Well, another rainy day has arrived and if you haven’t been getting prepared, you need to start preparing your family now. It’s not just with food, but you need to get money into savings to prepare for job losses, rising costs of everything. Yes, everything. We live in a cause and effect economy and if you have a shortage on corn, everything that has corn as an ingredient will cost you more. The same goes for meat in which corn is used in feed. There is also a trickle down effect on jobs. Farmers aren’t going to be able to purchase new farm machinery which will lead to manufacturer’s of those machines laying people off, which will affect communities as those workers will not have money to spend in the community and so on and so on.
This new crisis of drought goes one step further beyond the rising costs of food, gasoline and other commodities. It is shortages. Yes, it is the shortages that are costing us more at the grocery store. The news has reported that the average family of four will spend $615 more next year in groceries due to the drought. Also it was reported that the total number of cattle in the U.S. is the smallest number in 60 years due to ranchers selling off their herds because they can’t afford to feed them. Those ranchers are now getting $150 less per animal.
One poultry producer reported that they are paying $9 for a bushel of corn which is the highest they have ever paid for corn (up a total of 40%).
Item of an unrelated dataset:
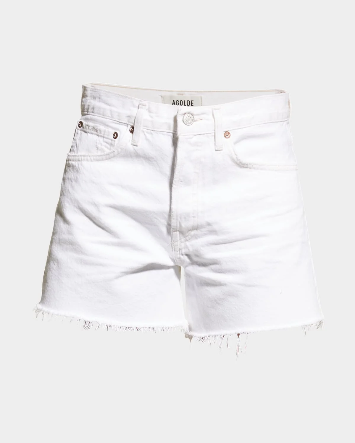 AGOLDE "Parker" shorts in distressed white denim. Midrise waist. Fivepocket style. Relaxed fit. Frayed rawedge hem. Button fly; belt loops. Machine wash. Cotton. Imported.
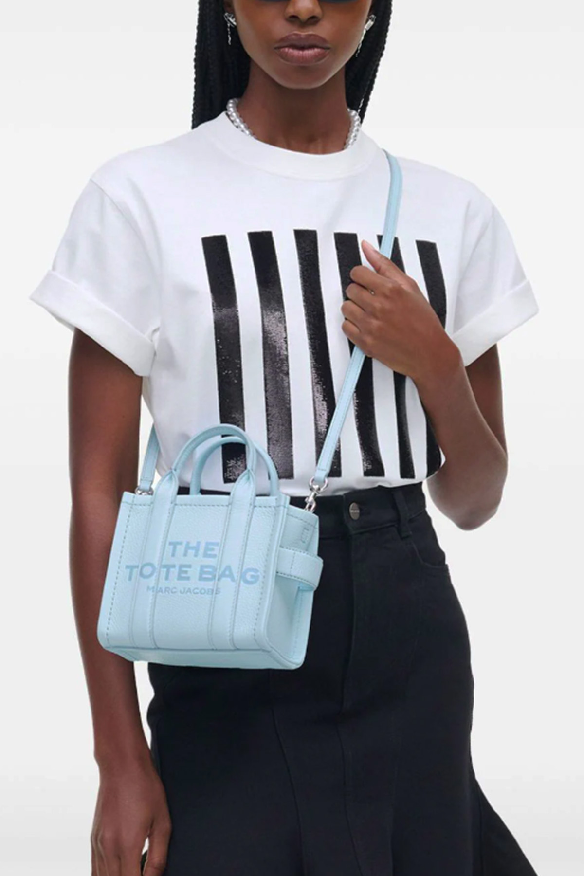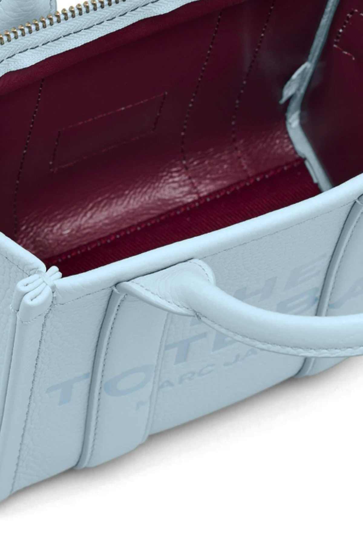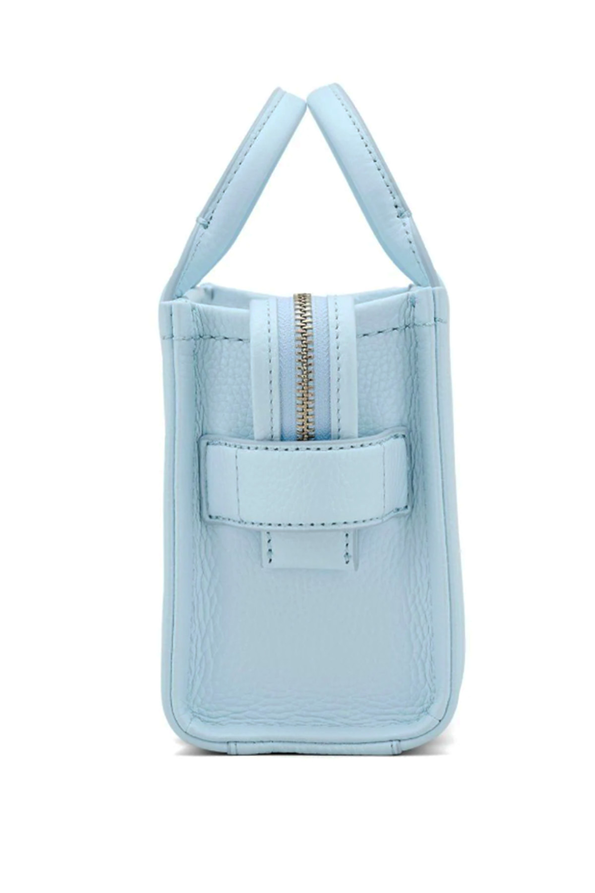 Modello in pelle di vitello, trama zigrinata, chiusura superiore nascosta con zip, due manici tondi, tracolla regolabile e rimovibile, manico piatto laterale, logo goffrato nella parte anteriore, fodera a contrasto, scomparto unico, tasca interna applicata.

It takes about 12 weeks for a chicken to grow to the point of being butchered. We will be seeing poultry at record prices in a short time.
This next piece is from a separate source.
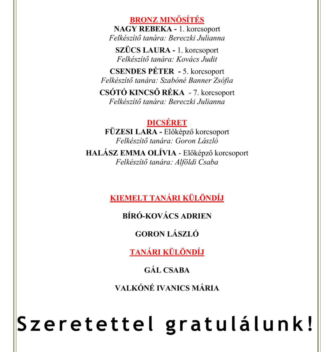 Kőrösiné Belák Erzsébet – értékelése nyomán az alábbi eredményekkel gazdagodott iskolánk tanszaka:

On this site I have given numerous tips over the past 3 years on saving money. Other sites that I follow do a very good job of money saving advice. Frugality is going to be the way of life for many of us and that is, as Martha Stewart would say “A Good Thing.” It’s not bad or shameful to be frugal, instead it is being mindful of your resources and it brings freedom. What kind of freedom? Freedom from worry. If you are prepared, you don’t worry about your future as you know you have a sense of security because you can weather a job loss or a loss in spending power.
Continue to take care of the resources you have. If you need a new couch because it is worn, sew a slipcover or purchase a slip cover if you can’t sew. Learn to fix things on your own where practical. Avoid purchasing what you can and put as much money into savings as possible. As you are saving if you do come across a great deal on food, then stock up.
Continue to make your own cleaners. If you run out of your favorite laundry detergent, try making your own own laundry soap to save money or mix your detergent with a generic brand.
Search this site for other money saving tips or check out my blog roll and look at the other blogs that I follow for ideas. I can guarantee that if you put your head in the sand now, you will regret it in 6 months.